Msc thesis subject: Big data habitat suitability modelling with Apache Spark

Today, technologies are changing very fast to cope with the ever-increasing volume and velocity of data. Big data methods and tools is a disruptive technology that drives the competitiveness of companies, and governmental bodies to set and reach policy targets. While geospatial data is pervasive, currently are few tools available for parsing and query very big spatial datasets, in a scalable way. This thesis aims to implement habitat suitability models in Apache Spark, the leading tool for big data processing.

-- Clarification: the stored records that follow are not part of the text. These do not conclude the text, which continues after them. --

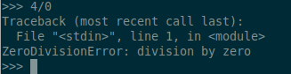When we try to divide by zero, Python replies ZeroDivisionError: division by zero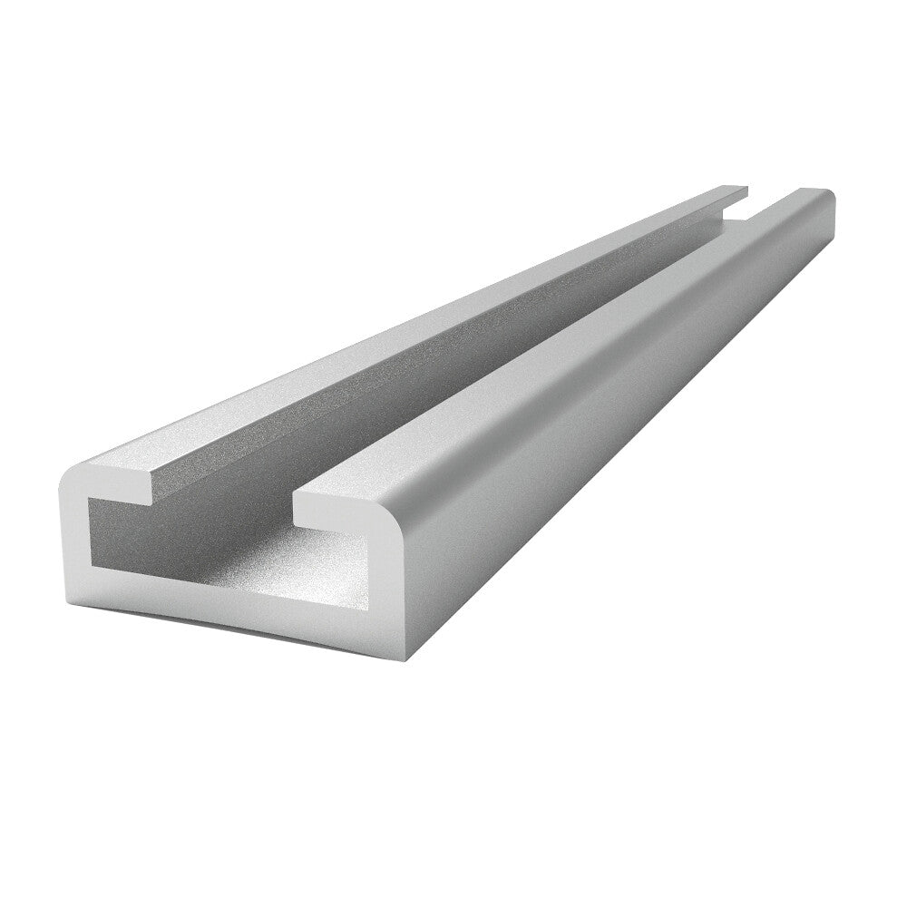 Extruded aluminium track profiles, suitable as luff track for a sail, securing awnings to structures and curtain side panels.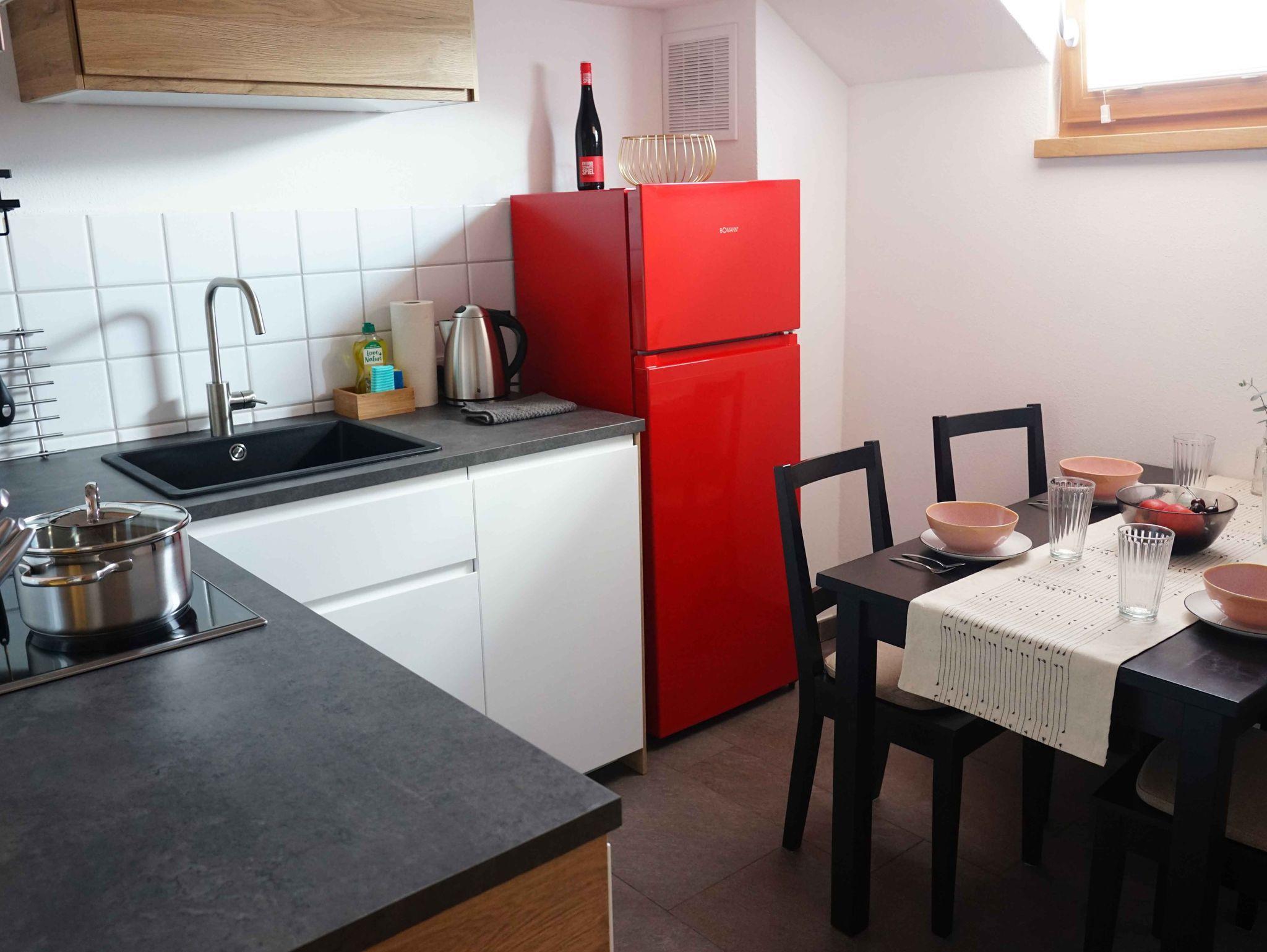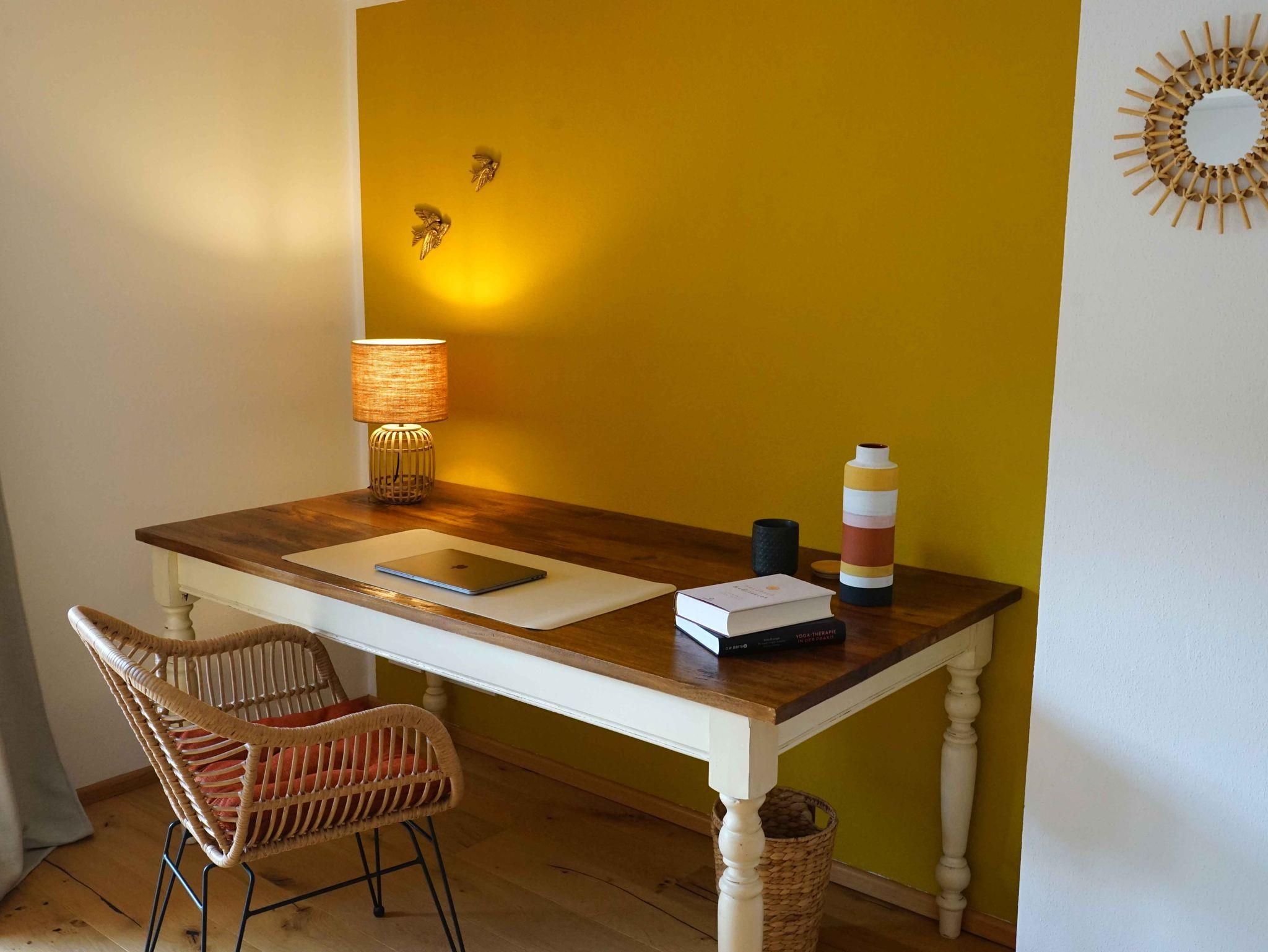 Die Ferienwohnung Sun II im eleven Marquartstein ist eine moderne 60qm große Dachgeschoss-Wohnung mit inspirierendem Ambiente: Sie verfügt über ein Schlafzimmer mit Doppelbett, eine separate voll ausgestattete Küche mit Essplatz, ein Wohnzimmer oder zweites Schlafzimmer (Queensize-Bett) mit großzügigem Arbeitsplatz inkl. Bergblick-Balkon und ein kleines Bad mit großem elektrisch steuerbaren Dachfenster und Badewanne. Die Zimmer sind mit hochwertigem Parkett und Fliesen sowie Fußbodenheizung ausgestattet. Yogamatten, Bio-Kaffee und Tee sowie eine kleine Auswahl an Gewürzen, Essig und Öl stehen bereit. Alle Zimmer haben Fenster bzw. Balkon. WLAN; Netflix und Parkplatz im Hof sind kostenlos. Direkt im Hof befindet sich (gegen Aufpreis) eine Lademöglichkeit für Elektrofahrzeuge. Gäste haben außerdem die Möglichkeit, Angebote wie Yoga, Ayurveda-Workshops und Coaching (Life & Business) zu ihrem Aufenthalt dazuzubuchen. Achtung: Treppenaufgang ist etwas steiler und die Deckenhöhe im Bad durch Dachschräge relativ niedrig!
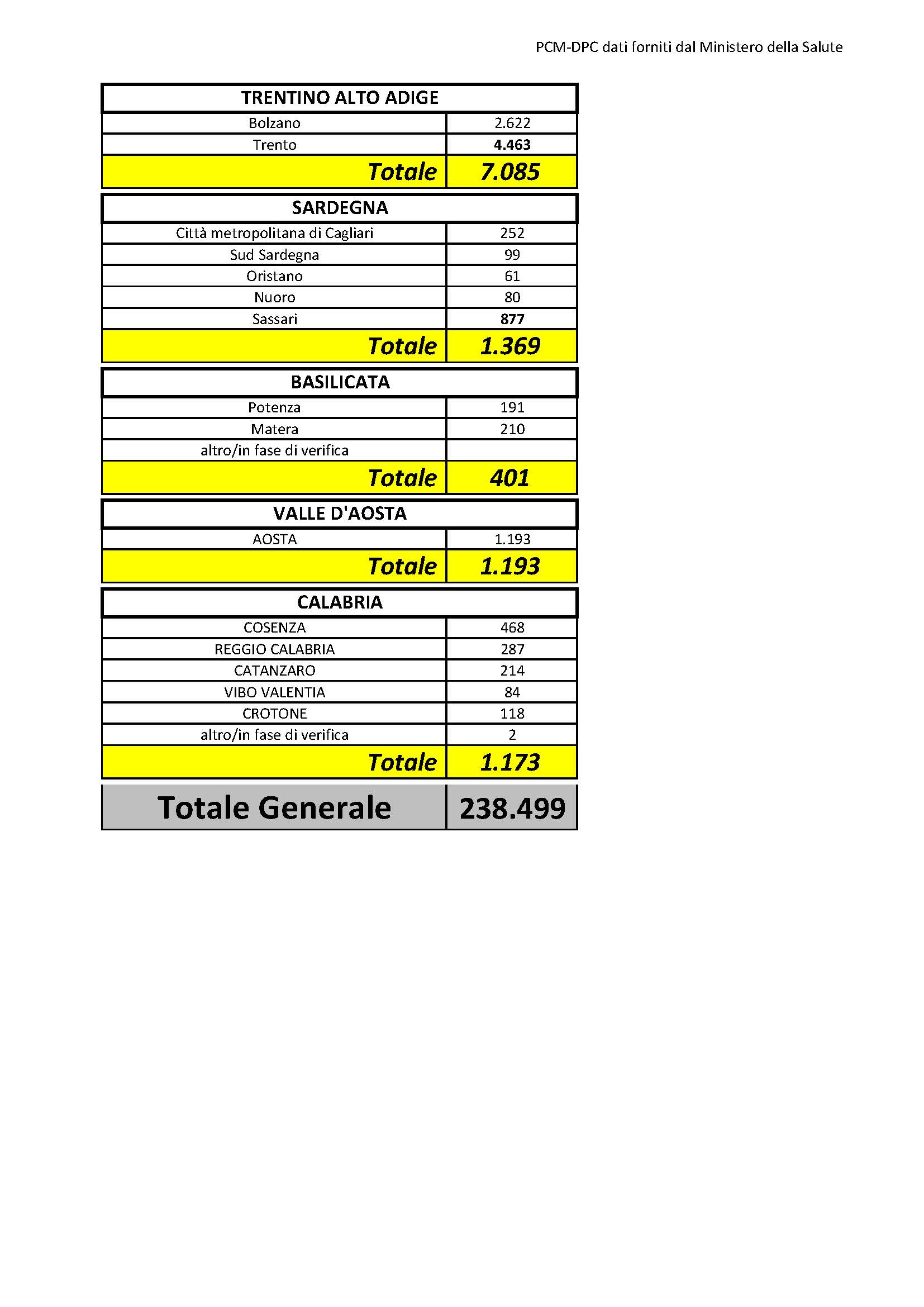 Sul territorio, dei 1.369 casi positivi complessivamente accertati, 252 sono stati rilevati nella Città Metropolitana di Cagliari, 99 nel Sud Sardegna, 61 a Oristano, 80 a Nuoro, 877 a Sassari.
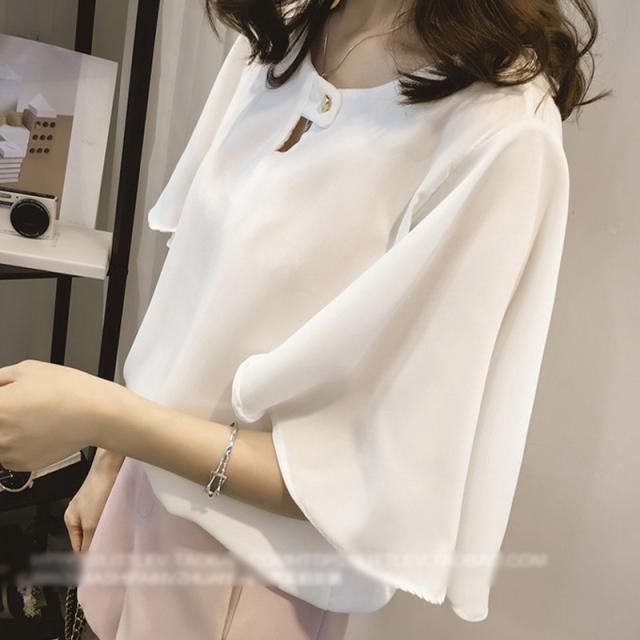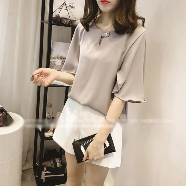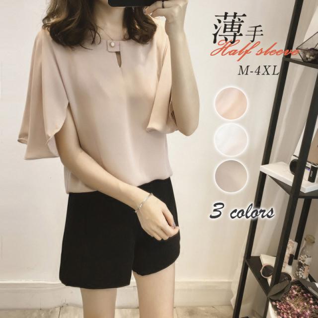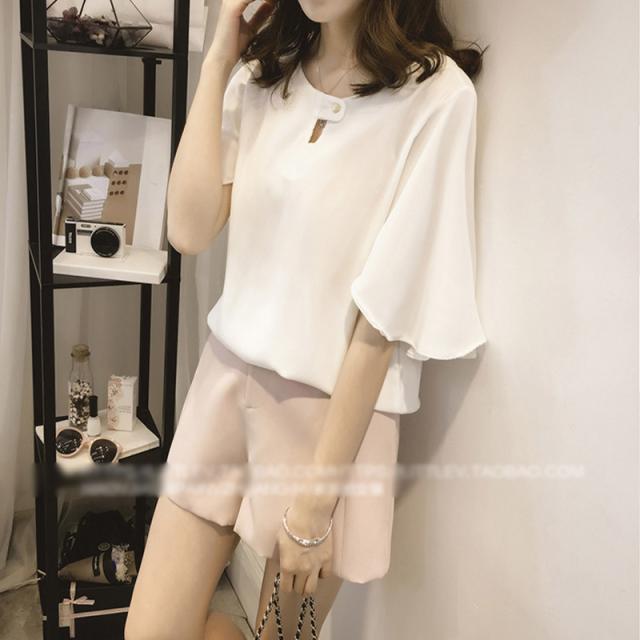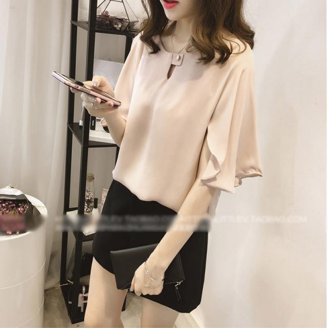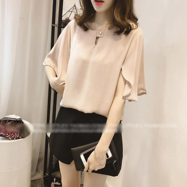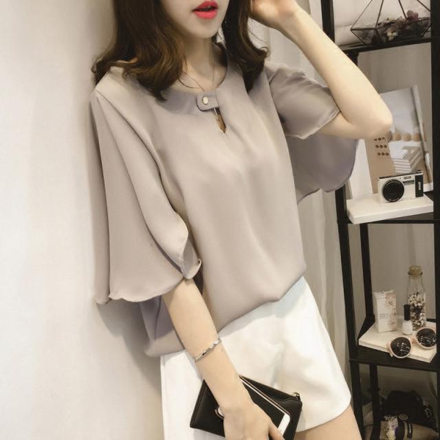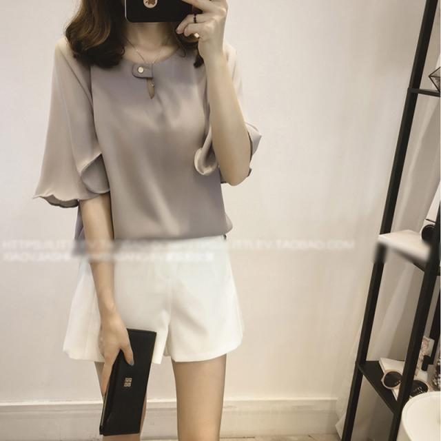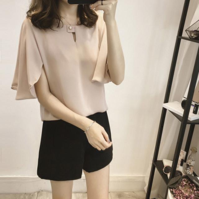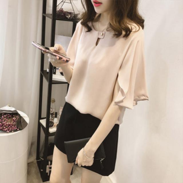 抜け感があるシルエットが魅力の半袖シフォンブラウス。
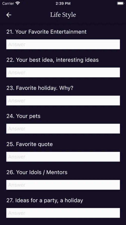 An amazing world of questions that will take you on an exciting journey through your life. Unique categories with questions and digests will give you new emotions.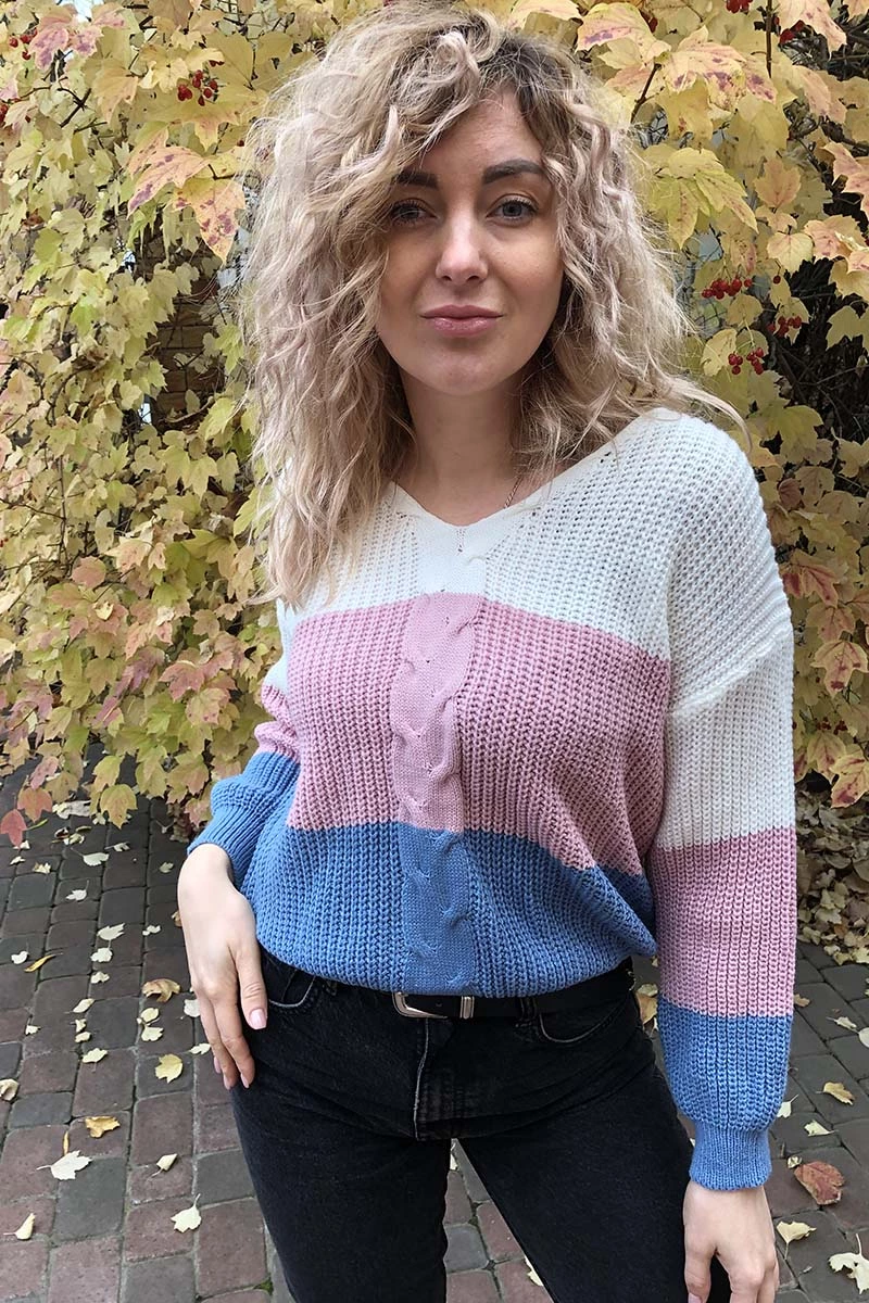 Оригинальный вязаный пуловер свободного покроя выполнен из объемной вязки в широкие горизонтальные разноцветные полоски. V-образный вырез горловины украшает вязаный узор раздвоенной косы, тянущийся до низа изделия, - модный тренд сезона.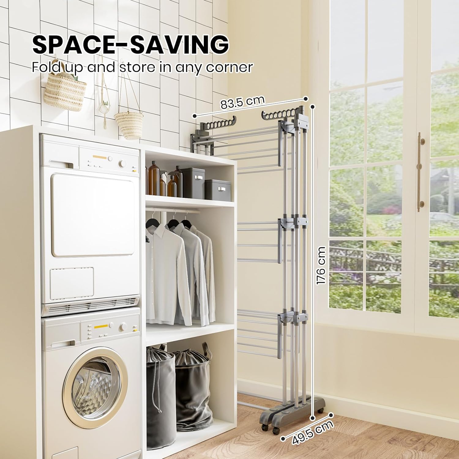 - [LARGE DRYING SPACE]: With 4 layers, consisting of 6 retractable layers and 2 side wings, 3 layers can be folded down for reasons of space. This drying rack offers more space for storage or drying, but also help save space

Most habitat suitability maps are generated through ecological models as MAXENT, ENFA and GARP. These models require as inputs spatial information not only for species occurrence, but also for other environmental predictor variables. These kinds of models are data-greedy as most algorithms are of complexity O(n^2). It remains a challenge how to scale those models to continental/global scales. In this research will employ Spark to investigate geo-processing libraries in Spark as SpatialSpark and Magellan, for preprocessing of environmental predictor variables, and species occurrence data, coming from global datasets as GBIF, globeland30 and/or FAO.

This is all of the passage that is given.